# Shortcut Assignment Operators and Type Conversion

### Shortcut Operators

We can use the following shortcut operators in the assignment of variables:

 Operator Example Equivalent To += i += 8; i = i + 8; -= i -= 2.0; i = i – 2.0; *= i *= 13; i = i * 13; /= i /= 5; i = i / 5; %= i %= 2; i = i % 2;

Incrementing and decrementing a value by one is so common, there are special (even shorter) shortcut operators for these tasks:

 Operator(applied to myVar) Name Description ++myVar Pre-Increment The expression (++myVar) adds 1 to myVar, and if used in or as an expression, it evaluates to this new (incremented) value of myVar. myVar++ Post-Increment The expression (myVar++) also adds 1 to myVar, but if used in or as an expression, it evaluates to the original value of myVar (before the increment) --myVar Pre-Decrement The expression (‐‐myVar) subtracts 1 from myVar, and if used in or as an expression, it evaluates to this new (decremented) value of myVar. myVar-- Post-Decrement The expression (myVar‐‐) also subtracts 1 from myVar, but if used in or as an expression, it evaluates to the original value of myVar (before the decrement)

Be careful about using the increment and decrement operators within an expression. Consider
the following examples:

 int i = 5; int n = 3 * i++;  has the same effect as int i = 5; int n = 3 * i; i = i + 1; 

while

 int i = 5; int n = 3 * ++i;  has the same effect as int i = 5; i = i + 1; int n = 3 * i; 

### Converting Values to Other Types

We often have to convert a data value of one type to another type, or mix data types within one expression.

If one converts a data value from one type to another that moves one from left to right in the list of types below, the conversion is called a widening conversion.

byte → short → int → long → float → double

• Widening conversions do not lose information about the overall magnitude of a numeric value. Indeed, conversions widening from an integral type to another integral type and from float to double do not lose any information at all; the numeric value is preserved exactly.
• Conversion of an int or a long value to float, or of a long value to double, may however, result in loss of precision, since floating-point types store their values in an inherently approximate way, while integral types store their values exactly.
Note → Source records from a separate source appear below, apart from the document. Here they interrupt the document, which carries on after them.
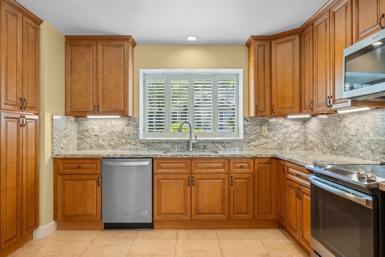 A true gem! Spacious, bright and cheery home on a quiet street in a very safe, 24-hour gated and guarded neighborhood. Large kitchen with lots of granite countertop space, a generous dining area that opens to the living room, and huge back deck that wraps from the dining to the living room to the master bedroom! Easy entertaining in this generous home! With a private bedroom and en suite, a large living space and a built in wet bar, the downstairs of this home could be rented out separately, used as a guest quarters or in-law suite, or as a private office, gym, playroom, etc. This home has a private, warm cottage feel to it and gets amazing natural light all year long! *NEW HVAC system, microwave & garbage disposal, and BRAND NEW water heater installed!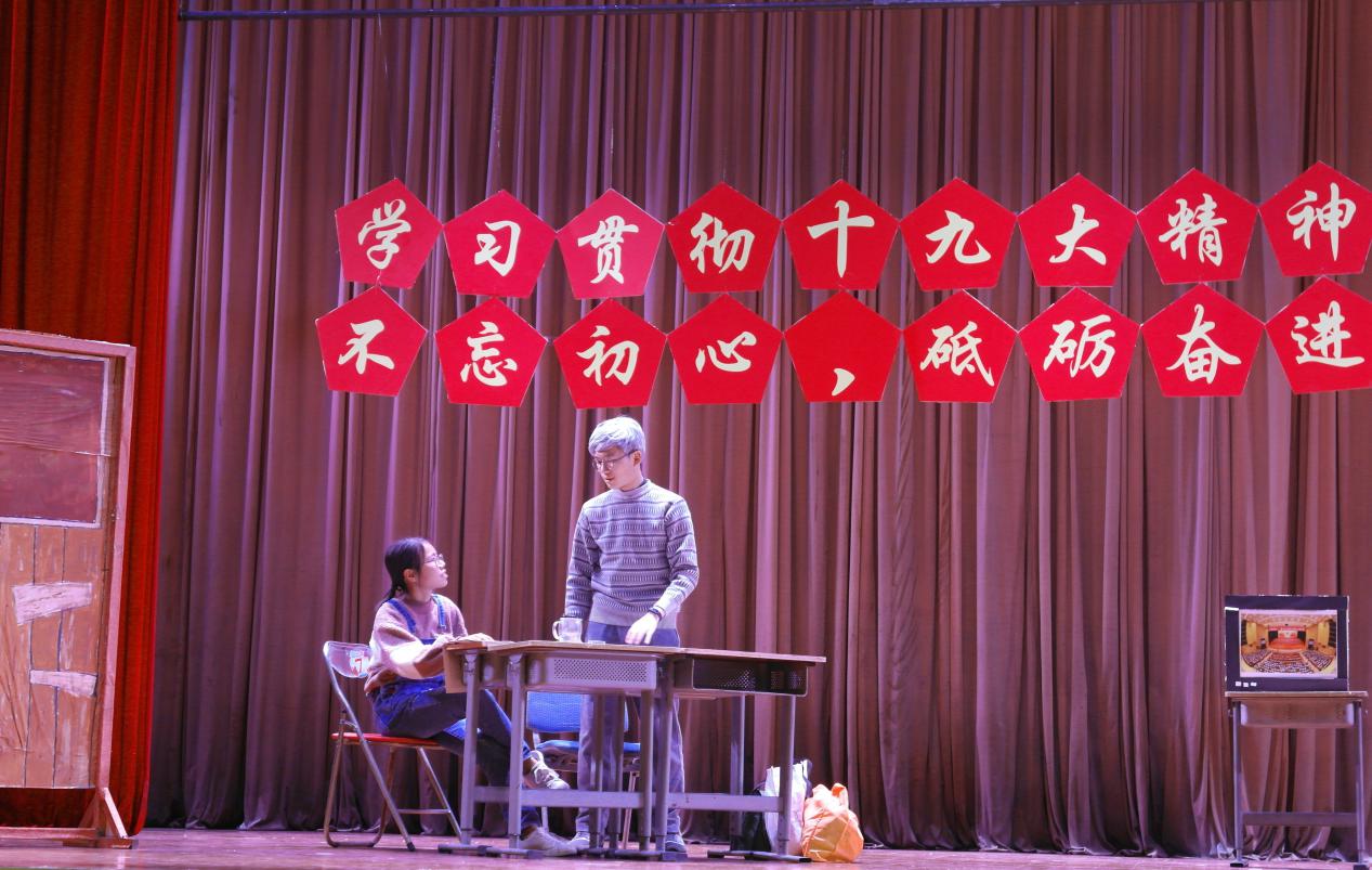 最后一个是2015~2017级金工学生党支部的节目《勤奋脱贫》。该情景剧讲述了一位曾经懒惰颓废且爱酗酒的贫困户在村党员干部的热心帮扶下成功脱贫的故事,表现了党员干部对于脱贫工作的认真负责。节目通过现实与过往的对比,反映了党和政府在脱贫工作所取得的成就,同时,节目引导新一代青年要养成勤俭节约的好习惯。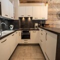 Inside, the apartment boasts a fully renovated interior with elegant finishes and thoughtful design. The open-plan kitchen, equipped with top-of-the-line appliances, flows seamlessly into a spacious living area with soaring ceilings and a large bay window that floods the space with natural light. A second living room, which can be converted into a bedroom with a plush 160cm sofa bed, offers additional comfort and flexibility. The master bedroom, featuring a luxurious 160cm bed, opens onto a south-facing terrace where you can soak in panoramic mountain views. Additional sleeping arrangements include a cozy bunk room and a mezzanine bedroom with its own en-suite bathroom, complete with a whirlpool tub. A second bathroom with a shower and separate toilet ensures convenience for all guests.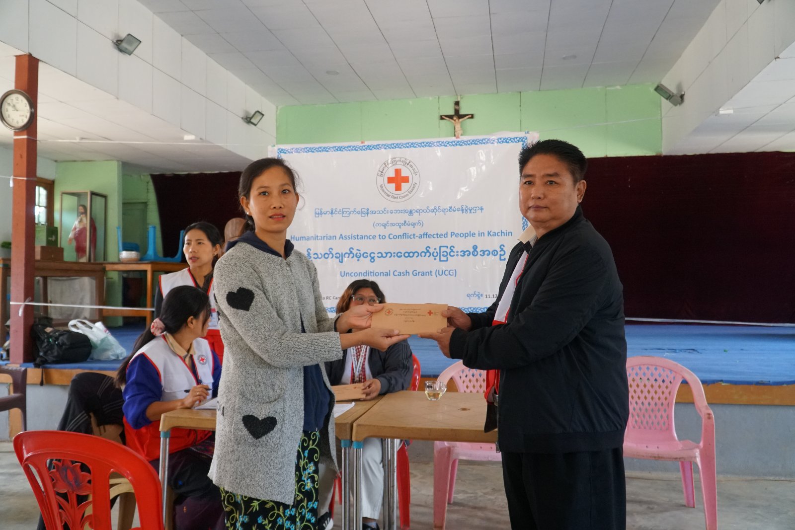 ကချင်ပြည်နယ် ကြက်ခြေနီကြီးကြပ်မှုကော်မတီမှပြုလုပ်သည့် ယာယီနေရပ်စွန့်ခွာပြည်သူများအား ထောက်ပံ့ပေးအပ်ခြင်းအစီအစဉ်တွင် အဆင်မပြေသည့်အိမ်ထောင်စုများ၊ မိသားစုဝင်များသည့် အိမ်ထောင်စုများ၊ အမျိုးသမီးများ ဦးဆောင်နေရသူများ၊ မိသားစုတွင် နာတာရှည်ရောဂါ ခံစားရသူများ၊ မသန်စွမ်းဖြစ်နေသူများစသည့် အချက်များကို စာရင်းပြုစုရွေးချယ်ထောက်ပံ့ခြင်းဖြစ် ကြောင်း သိရသည်။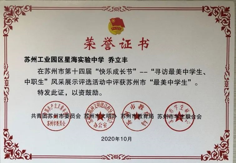 乔立丰、张翰扬获评“苏州市最美中学生”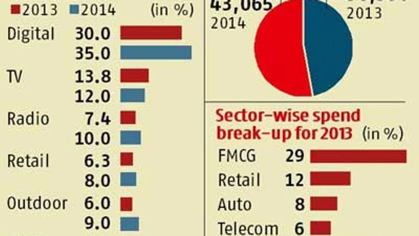 Print advertising, which stands at Rs 14,248 crore and is the second-largest contributor to advertising in India, will see 8.5 per cent growth, compared with 4.6 per cent last year, ending the year at Rs 15,459 crore. This growth, Srinivas said, would be led by regional advertising in newspapers, as companies in sectors such as telecom, fast-moving consumer goods, retail and automobiles increasingly targeted tier-II and III markets. “This trend has been visible for some time now,” Srinivas says, adding, “There will be acceleration this year.”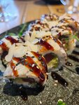 It's a very long wait. The waiter messed up the order, and instead of gyojo with shrimp, I got gyojo with chicken, saying that they were no worse than shrimp. Cocktails were brought for a very long time, and not simultaneously for the whole company, but at different times and with a very long interval. 1 star for delicious cocktails. The service is very poor. The sushi is disgusting. There were a few cabbage stalks in the salad. Gyojo is all fat, as if she had drunk butter.
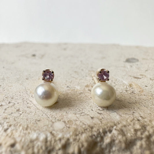 14K Solid Gold Genuine Akoya Pearl and Pink Sapphire Studs/Pair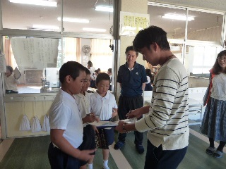 11月5日(月) オリックスに入団された荒西投手が、子供達を激励に玉水小学校においでになりました。子供達へ夢を持って努力することの大切さを伝えていただきました。玉水小では、ソフトバンクのファンが多いのですが、これからは、地元出身の荒西投手をしっかり応援してくれると思います。訪問ありがとうございました。サインを学校としていただきましたので、玄関に飾っておきます。来校の際は、是非ご覧ください。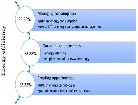 The three factors were considered equally important, as the best results will be obtained by synergically considering managing consumption, targeting effectiveness, and creating opportunities. The three factors, regardless of the number of KPIs considered, must consider the reconciliation of the needs of society in terms of energy consumption with sustainable economic growth. In this way, the current model moves away from the dominant global economic paradigm and does not subordinate energy efficiency to economic growth at all costs. Moreover, the original operational framework has in view that simplicity is a virtue in science [37,38,39], and considers comprehensive KPIs to accurately render the energy-efficiency quintessence, based on safe and rational consumption.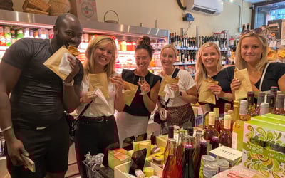 This experience includes plenty of food for a satisfying lunch! Tastings vary in style and portion size, with some tastings served while seated inside the eatery, and others served in a more “on the go” manner.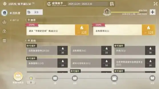 此外,每日任务中部分目标可以循环完成,例如每日登录游戏、参与指定活动等,这些目标不仅容易达成,还能持续为玩家带来活跃度的积累。活跃度进度在每日05:00重置,以确保每个玩家都有公平的机会获得奖励。单周活跃度上限为6000,当玩家的活跃度达到50、100、200、500时,可以领取相应的额外奖励,这些奖励可能包括游戏货币、稀有道具和装备等。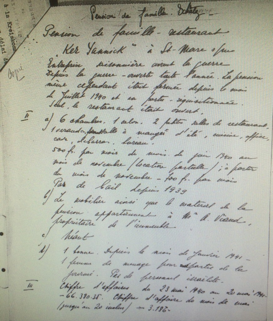 Puis le 1er juillet 1936, Ludmilla tient une pension de famille à Saint-Marc Ker Yannick pension créée en 1920 mais qui avait fait faillite en 1935. La pension est la propriété de Monsieur Arsène VIAUD, 35, rue de la Trinité à Saint-Nazaire.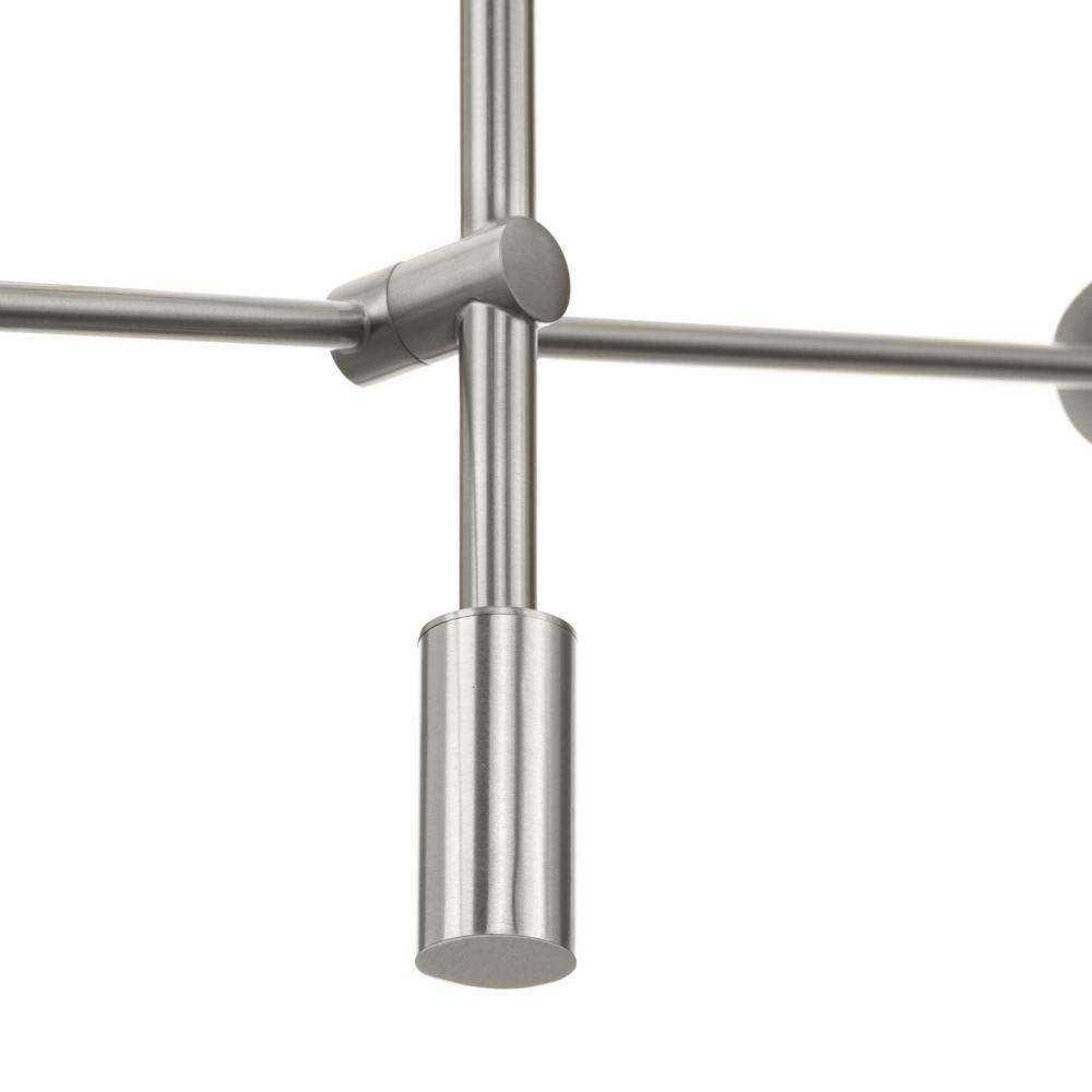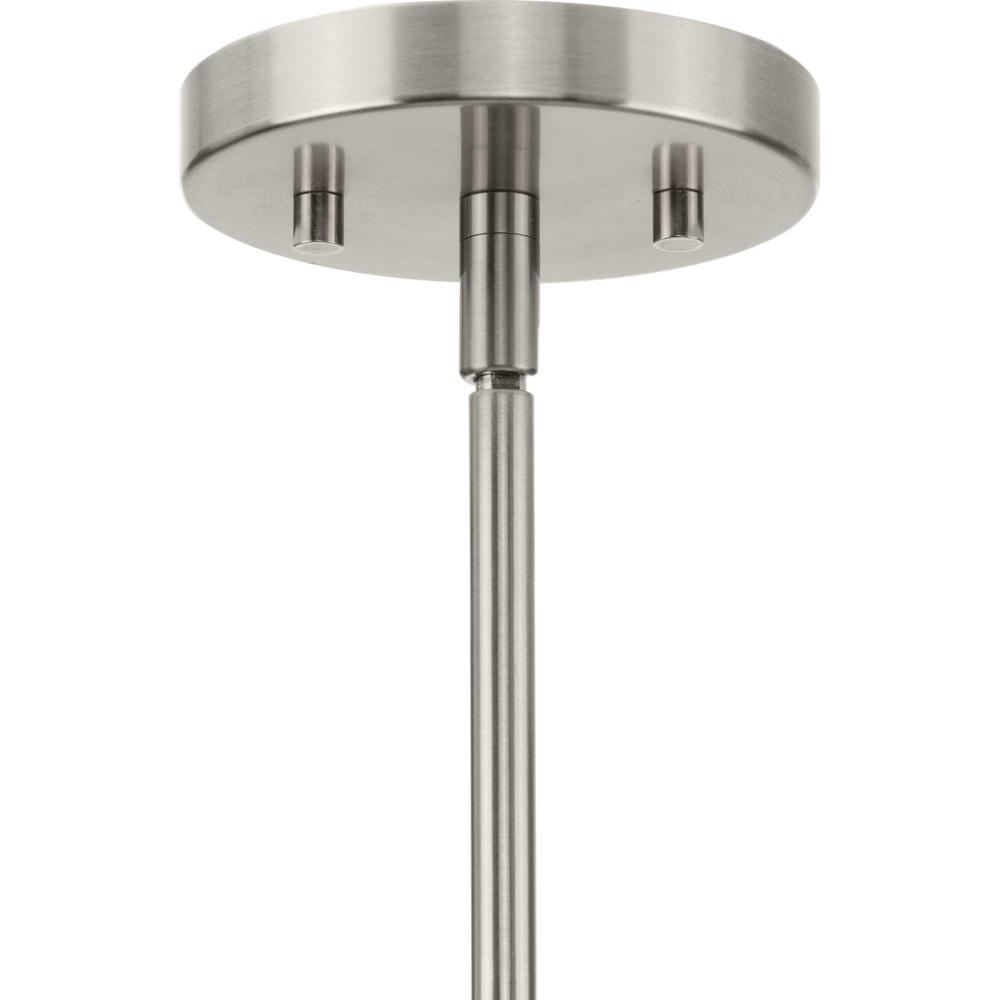 The light's timeless design is coated in a subtle brushed nickel finish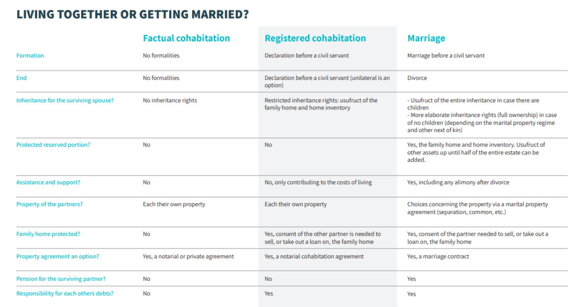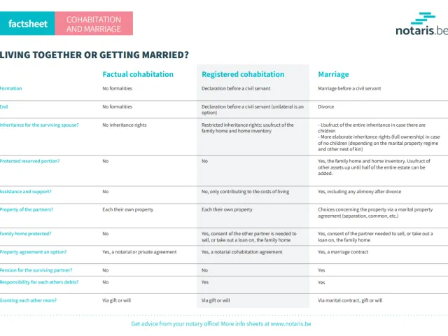 Do you live in Belgium and are you in love? Then you might be wondering if marriage might be for you? In Belgium, there are different forms of cohabitation (factual cohabitation, registered cohabitation and marriage), each with different legal consequences. To get you started, we have created a handy factsheet. Do not hesitate to ask a notary office for clarification.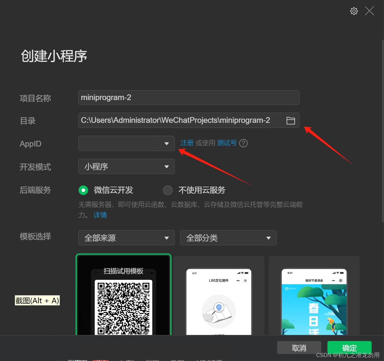 选择需要的版本即可,安装后,打开应用程序,新建小程序项目,如下图:

If one converts a data value from one type to another in the reverse direction (right to left in the list above), the conversion is called a narrowing conversion.

• Additionally, converting a long,float, or double type to a char type, and converting a char type to either a byte or short type, are also considered narrowing conversions.
• Narrowing conversions may lose information about the overall magnitude of a numeric value and may also lose precision.

Types can be converted in three ways: implicitly by promotion, implicitly by assignment, and explicitly by casting.

### Converting Types Implicitly by Promotion

Promotion occurs automatically in binary operations involving two operands of different types, and can happen in several ways:

The presence of one double promotes the other operand to a double

2D / 3      // 3 is treated as the double 3.0
1F + 6.72   // 1F is treated as the double 1.0


The presence of a float in the absence of a double promotes the other operand to a float

2.4F * 3    // 3 is treated as the float 3F
5L – 1.7F   // 5 is treated as the float 5F


The presence of a long in the absence of a double or float promotes the other operand to a long

3L + 2      // 2 is treated as the long 2L
16 % 2L     // 16 is treated as the long 16L


In the absence of doubles, floats, or longs, both operands are converted to the int type.

2 * 3       //both 2 and 3 are treated as type int.


### Converting Types Implicitly by Assignment

Type conversion can also occur when a value of one type is assigned to a variable of another type.

Note, only widening conversions are allowed by assignment, as seen by the following examples:

double d = 100;   //this is a widening conversion, no problem

int n = 5.0;      //5.0 is a double, so this is a narrowing
//conversion. This creates a compiler error

int j = 2 + 6 / 3.0; //The presence of the "3.0" converts
//(by promotion) the 6 to a double.
//The quotient is then a double, which
//converts (by promotion) the 2 to a
//double. This gives a sum which is
//a double, which makes the assignment
//to j a narrowing conversion. Hence,
//this too creates a compiler error.


### Converting Types Explicitly by Casting

To perform a narrowing conversion, we simply place the desired type in parentheses before the expression to be converted, in the following way:

(type) expression


Example:

(int) 5.0 //converts 5.0 to an int type


This "desired type in parentheses" is called a "cast operator". Be careful about the order of precedence for the cast operator. Casts happen after increments, decrements, and unary negatives, but before just about every other operator. This means the cast in the example below affects only the value of 5 and not the quotient :

double h = (double) 5 / 2;   //Note: h = 2.5


Casting without paying attention to the range of the data type can cause unexpected problems. Consider the following:

byte b = (byte) 500000;      //Here, b = 32 as
//500000 % 128 = 32
//Recall the size of a
//byte and the fact that
//128 = 2^7